Indonesian Hospitality

We got the chance to visit an Indonesian home yesterday. The circumstances could have been better, but it did restore my slightly shaken faith in the good people of this land; I have an underlying belief that most people are nice. And it seems that most people are. But not everyone.

We should have seen the warning signs really. But after 10 hours of train travel, the offer of a private minibus from the train station all the way to our remote mountain village (rather than going to the bus station and taking a public bus) seemed like a great offer. The price was pretty cheap, and there were some French tourists heading our way also using the minibus, so we clambered on.

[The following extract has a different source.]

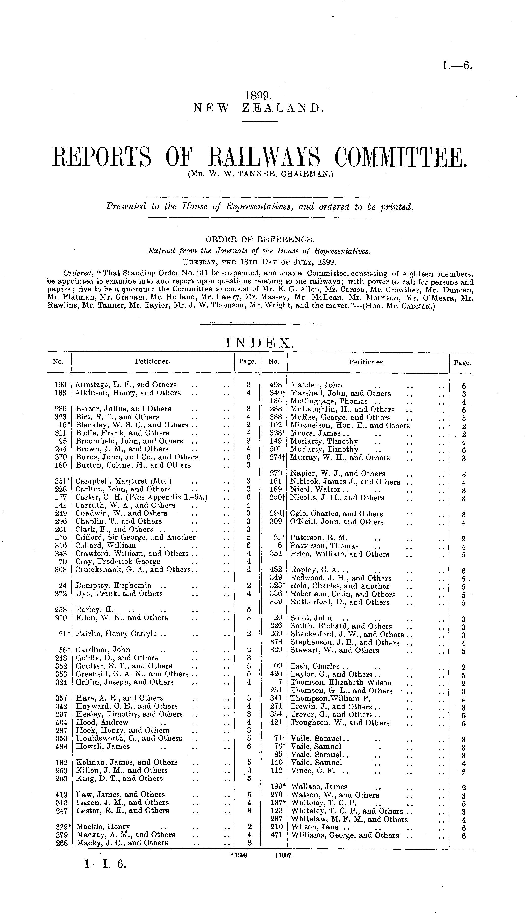 ORDER OP REFERENCE. Extract from the Journals of the House of Representatives. Tuesday, the 18th Day of July, 1899. Ordered, " That Standing Order No. all be suspended, and that a Committee, consisting of eighteen members, be appointed to examine into and report upon questions relating to the railways; with power to call for persons and papers ; five to be a quorum : the Committee to consist of Mr. E. G. Allen, Mr. Carson, Mr. Crowther, Mr. Duncan, Mr. Flatman, Mr. Graham, Mr. Holland, Mr. Lawry, Mr. Massey, Mr. McLean, Mr. Morrison, Mr. O'Meara, Mr. Rawlins, Mr. Tanner, Mr. Taylor, Mr. J. W. Thomson, Mr. Wright, and the mover." —(Hon. Mr. Cadman.)

The first sign was that we went to their office first, where we had to disembark and pay. Not too much of a worry. Then they tried to sell us various guided tours; but not too much of a worry given that this happens a lot around here. The real warning sign was the National Park Entry Ticket they tried to sell us for 217,000 IDR each (the guide book says it costs 2,450 IDR). They had a copy of one with a date stamp, which they showed to us several times to ‘prove’ how much the price had gone up. I knew that was a scam, but we explained we would buy our National Park Entry from the park rangers, and they accepted this. We knew they were trying it on, but thought that would be the end of it.

About 4km from our destination, the minibus stopped and the driver claimed this was the park boundary (we knew from the guidebook this was not true). He tried to collect the 217,000 IDR from all of us. We all refused to pay. There was much discussion, and the Indonesian driver became very angry and insistent that we pay. He told us he wouldn’t drive us the rest of the way. He was scaring us, we didn’t like the situation at all. So, we got off the minibus and walked.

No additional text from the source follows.